Aim of the task:
Your answer must consist of exactly the lines below, starting with the line with "啄木鸟曝光后,京东官微发文称,京东承诺,京东家电直接维修,实价,乱收费双倍赔偿。" and going on through the line with "오늘 25일(월)부터 2020학년도", and nothing else.

Exercise material:
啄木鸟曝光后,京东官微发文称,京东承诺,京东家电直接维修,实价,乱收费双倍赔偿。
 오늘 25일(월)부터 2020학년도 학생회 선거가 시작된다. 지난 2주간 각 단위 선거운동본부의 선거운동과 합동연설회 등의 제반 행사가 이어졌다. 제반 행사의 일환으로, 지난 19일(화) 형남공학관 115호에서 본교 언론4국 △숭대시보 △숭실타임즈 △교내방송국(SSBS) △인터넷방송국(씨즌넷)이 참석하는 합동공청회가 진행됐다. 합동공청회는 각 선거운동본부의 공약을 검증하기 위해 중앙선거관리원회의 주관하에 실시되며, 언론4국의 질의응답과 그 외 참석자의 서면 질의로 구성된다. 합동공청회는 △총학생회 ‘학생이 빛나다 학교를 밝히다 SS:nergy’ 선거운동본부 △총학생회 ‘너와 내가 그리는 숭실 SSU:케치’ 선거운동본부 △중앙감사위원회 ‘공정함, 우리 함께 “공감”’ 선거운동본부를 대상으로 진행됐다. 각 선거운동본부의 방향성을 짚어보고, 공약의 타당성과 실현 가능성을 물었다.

...

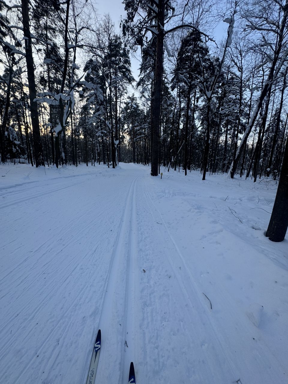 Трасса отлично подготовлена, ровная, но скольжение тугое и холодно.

Answer for the task:
啄木鸟曝光后,京东官微发文称,京东承诺,京东家电直接维修,实价,乱收费双倍赔偿。
 오늘 25일(월)부터 2020학년도 학생회 선거가 시작된다. 지난 2주간 각 단위 선거운동본부의 선거운동과 합동연설회 등의 제반 행사가 이어졌다. 제반 행사의 일환으로, 지난 19일(화) 형남공학관 115호에서 본교 언론4국 △숭대시보 △숭실타임즈 △교내방송국(SSBS) △인터넷방송국(씨즌넷)이 참석하는 합동공청회가 진행됐다. 합동공청회는 각 선거운동본부의 공약을 검증하기 위해 중앙선거관리원회의 주관하에 실시되며, 언론4국의 질의응답과 그 외 참석자의 서면 질의로 구성된다. 합동공청회는 △총학생회 ‘학생이 빛나다 학교를 밝히다 SS:nergy’ 선거운동본부 △총학생회 ‘너와 내가 그리는 숭실 SSU:케치’ 선거운동본부 △중앙감사위원회 ‘공정함, 우리 함께 “공감”’ 선거운동본부를 대상으로 진행됐다. 각 선거운동본부의 방향성을 짚어보고, 공약의 타당성과 실현 가능성을 물었다.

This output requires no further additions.